We had access to a static analysis tool for bringing some objectivity to our code quality discussions. In this case, we had NDepend [NDepend] available to us, a powerful tool that yields all kinds of insight into what’s happening in a codebase as a whole. Without going into extreme detail, NDepend makes it easy to find large, complex classes that make for high-value targets of refactoring opportunity (see Figure 2: NDepend: Metrics View).

Figure 2 – NDepend Metrics View

NDepend’s “Metrics View” presents a heatmap of color-coded squares. The smaller squares each represent a class in the system. The color of the square indicates the class’s total complexity, with red exceeding a user-defined threshold. Complexity tells us how many execution paths through a class there are. As a metric, it’s a directly correlated leading indicator of cognitive load. High complexity in classes might mean code that’s hard to understand. The area of each square indicates the number of lines of code. Large, red boxes tend to be hotspots where there’s probably some level of implementation debt accumulating. These often present an excellent prospect for a refactoring mission.

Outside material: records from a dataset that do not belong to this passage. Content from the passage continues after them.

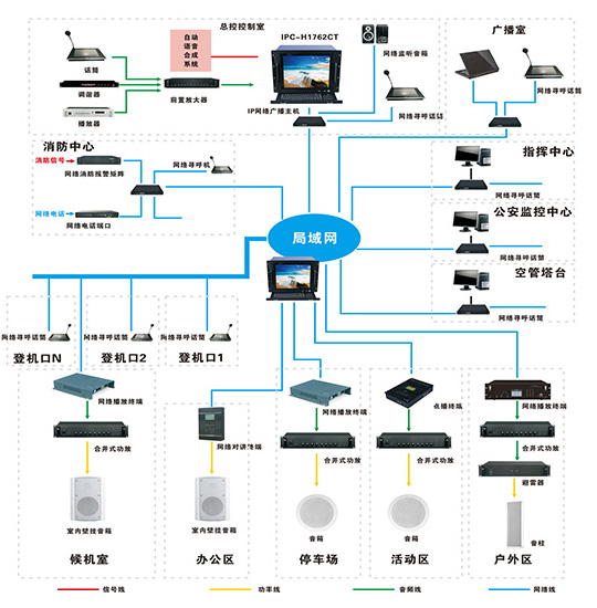 機場公共廣播系統是一個具有先進水平的自動廣播系統,它是整個機場信息系統的一個子系統,由計算機集成管理網絡系統控制,播放各類航班動態信息和機場服務信息,提高機場服務的自動化程度。方便來自不同國家和地區的旅客,系統多種語言播放及有關服務信息。
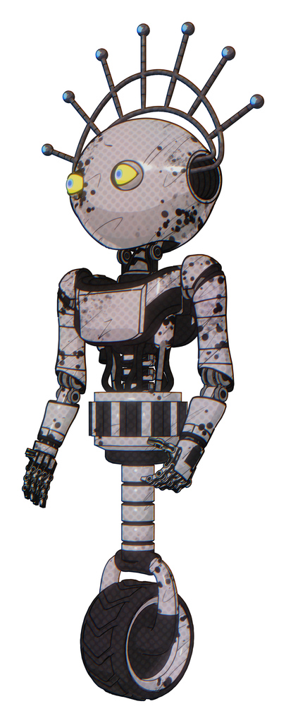 Automaton containing oval wide head and yellow eyes and techno halo ornament and light chest exoshielding and ultralight chest exosuit and unicycle wheel. Grunge sketch dots. Facing right view.
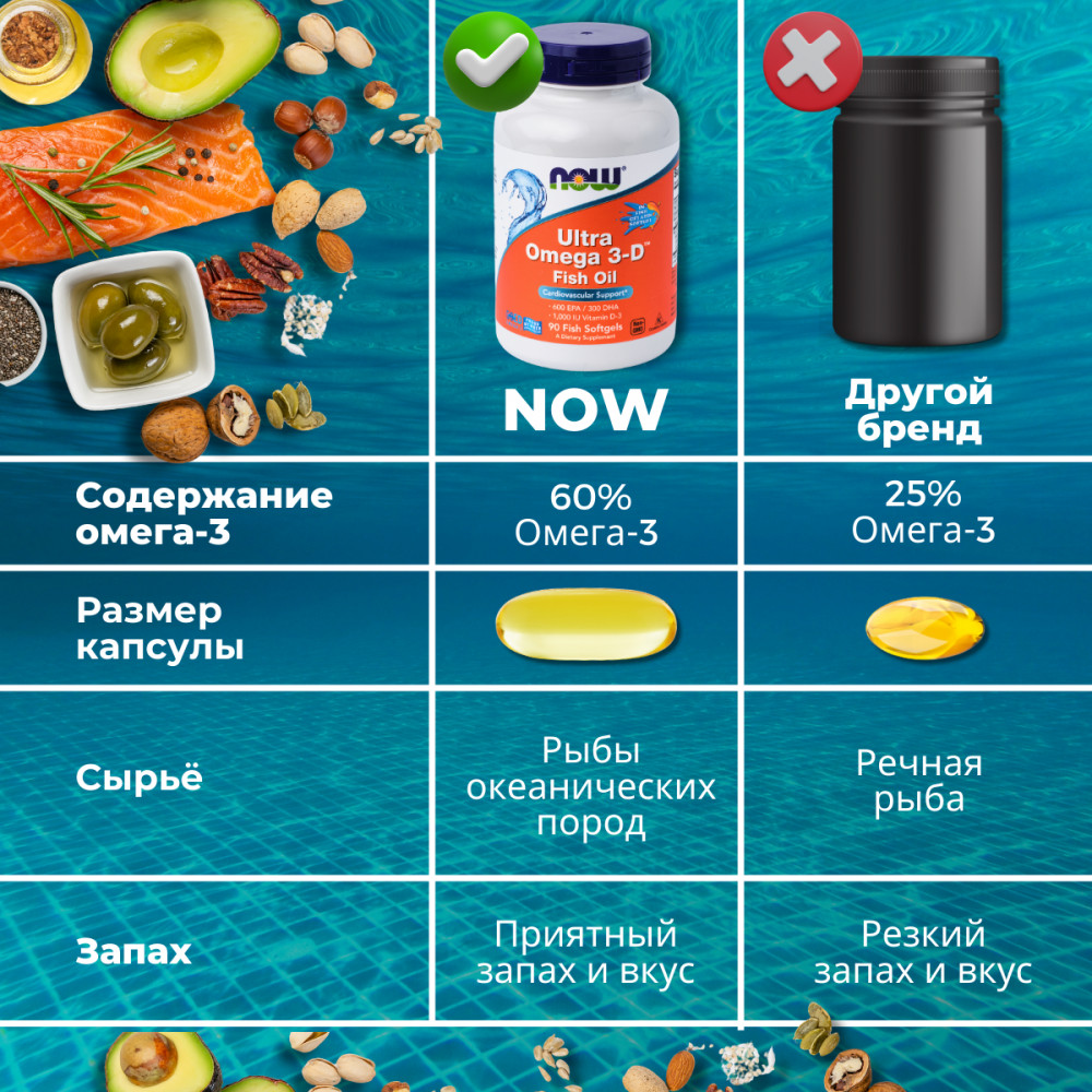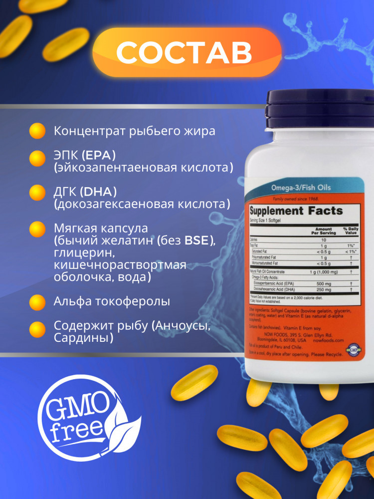 💳 Оплатить за товар можно при получении 🇰🇿 Есть бесплатная доставка по Казахстану 🎁 Копите бонусы с каждой покупки Омега-3 — группа полиненасыщенных жирных кислот (ПНЖК), которые защищают клеточные мембраны и внутренние органы человека от разрушения. Без данных соединений невозможна полноценная работа нервной, иммунной и сердечно-сосудистой систем, адекватный синтез тканевых гормонов, простагландинов, правильный метаболизм эссенциальных веществ. Кроме того, они подавляют воспалительные процессы, улучшают состояние суставов, борются с эмоциональными расстройствами, синдромом хронической усталости. Гелевые капсулы имеют энтеросолюбильное покрытие, что помогает контролировать общую проблему отрыжки, послевкусия и запаха рыбьего жира. |
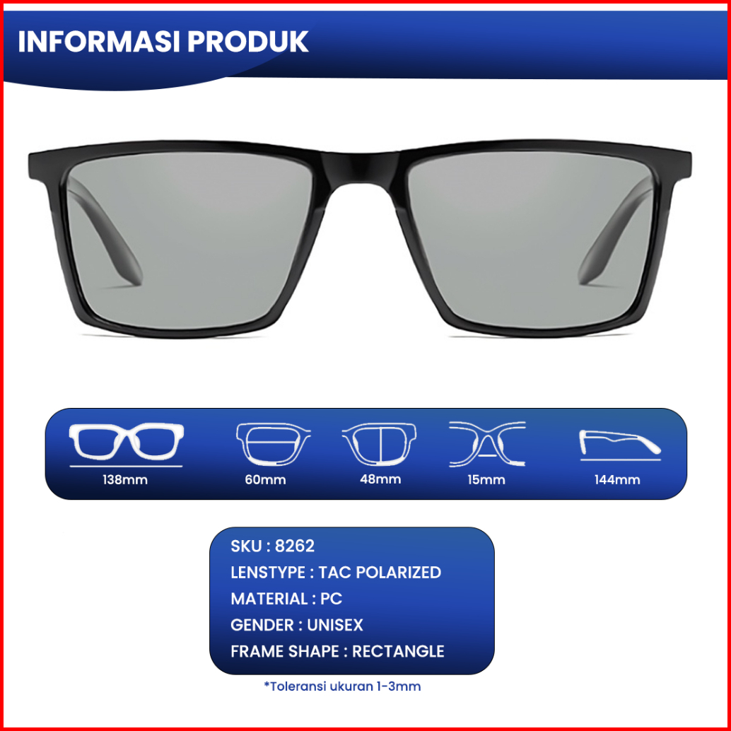 Iooi Eyewear - Kacamata Hitam Sunglasses Kotak Polarized Pria Wanita 8262

Having found our target, we started by writing a basic unit test. Literally: find a public method, call it with some arguments, and capture the return value through a debugger, then paste it into an assertion. Michael Feathers calls this a Characterization Test [Feathers]. The point of these tests is to create an early detection system for breaking changes you might inadvertently introduce. We co-opted this technique to do some quick analysis about how isolated the class was and, in turn, how hard it would be to pull that class into a test harness. Write the test quickly and hastily, run it, and see what kind of runtime errors it produces. Those runtime errors help us focus on our goal of bringing this class under test and give us more visible targets for refactoring; we’re down to the method level.

We found a common culprit. The method we were testing had a bunch of dependencies instantiated in its body. There was no hook in which to introduce a fake dependency we could control from within our test arrangement. We began to refactor the class to permit this behavior. Our goal was to be able to write specifications in the form of tests on this class, but we needed to begin by refactoring.

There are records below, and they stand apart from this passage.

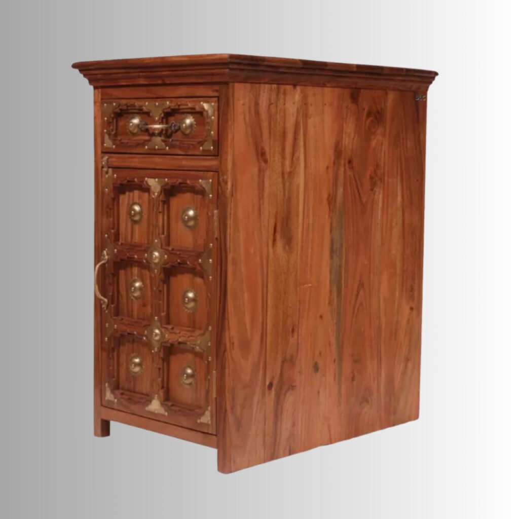 Exotic Heritage Carved Night Stand – Solid Acacia Wood Bedside Table
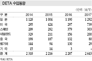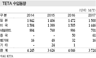 DETA는 2014년 2310톤, 2015년 2216톤, 2016년 2287톤에서 2017년 2643톤으로 15.6% 증가했고, TETA는 2014년 4245톤, 2015년 3626톤, 2016년 4046톤에서 2017년 3724톤으로 감소했다.
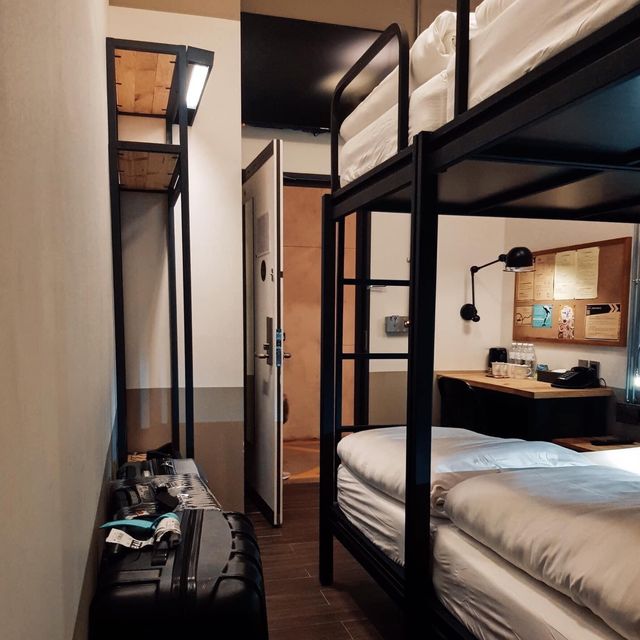 HOTEL PAPA WHALE 🐳 A chic hotel near Ximending The price we booked was 3,940 baht per night, excluding breakfast. It was a room for 4 people with a private bathroom and complete amenities. The staff were lovely and very helpful. We arrived at 10 am and could not check in yet, so we left our bags first. The staff gave us a luggage storage slip and blocked the bags we had left in the storage area in front of the lobby. When it was time to check in (we had not returned yet), they took the bags up to our room. When we returned from our trip, we checked in, received the key card, and went up to our room 😊 There are many convenience stores and restaurants near the hotel. We were very impressed by this place because they cleaned it every day. We went to get dolls and piled them up. When we returned to the room, they arranged them beautifully. The towels and hair dryers were also changed every day. For anyone looking for a place to stay in Taipei, we recommend this place as an option. If we have the chance to visit Taipei again, we will go back to stay here. I like it very much 😆 Note 1 The hotel is a walk from Ximen Station. Quite far (about 10-15 minutes). If you have a big bag, it might be a bit difficult. Note 2: There are many sizes of rooms here. There are single rooms. The price for booking in advance will be more affordable. We booked close to the time of departure. It was a bit expensive. Note 3: The bunk bed is very high. It is tiring to climb up and down. It is not suitable for people who toss and turn and are afraid of heights. #TaiwanReview #TaiwanTravel

3.3        A Novel Practice Emerges

The refactorings were many and frequent. We introduced class instance variables, changed constructor parameters, and discussed principles such as Dependency Inversion, the strategy pattern, and test doubles. There was a delightful fusion of teaching, learning, and doing. Best of all, it was happening in everyone’s day-to-day codebase. We weren’t “doing TDD,” but we were getting a lot of value out of understanding the qualities of a design that TDD tends to yield and learning how to use moves from TDD to better maneuver in legacy code.

So far, what I’ve described may seem familiar to you. We’re using tests and refactoring to wrangle some messy code into something we can understand and perhaps even build on top of using a more TDD-like practice. What would happen next seemed like hive mind magic to me at the time.

Someone suggested we check back in with NDepend. How, exactly, had the metrics view changed since we last looked? NDepend has this nice feature in which it will baseline analysis runs and show you metrics on a time-series graph. Figure 3 gives you an NDA-friendly sense of what we saw after a few refactoring sessions.

Figure 3 – Changes in code quality metrics over time across refactorings (right to left).

You can see how the code quality changes as our refactoring session progresses! We were able to perceive a difference in our SQALE maintainability index [SQALE], one measure of technical debt. Over several hours we were able to drive down the debt in a 300K+ line code base of about 1.2%. Participants in the room reflected that this telemetry gave enough evidence to go forward with our new practice of refactoring-first with the aid of metrics provided by NDepend. Furthermore, we uncovered a handful of refactoring combinations that would get code under test quickly. These, in turn, became reusable recipes that would be passed around and adapted internally.

I’ve since dubbed this “Refactoring with Telemetry” since it focuses on understanding design qualities by using code metrics to prompt discussion and create teachable moments throughout an extended refactoring session. I’m not trying to push this as the next big thing, a future best practice, but I use it frequently in my coaching and teaching approach. When the pattern of “how do we do this TDD stuff in this complex codebase” presents itself, this is my go-to technique for working toward the vision and value touted by TDD when working in legacy code.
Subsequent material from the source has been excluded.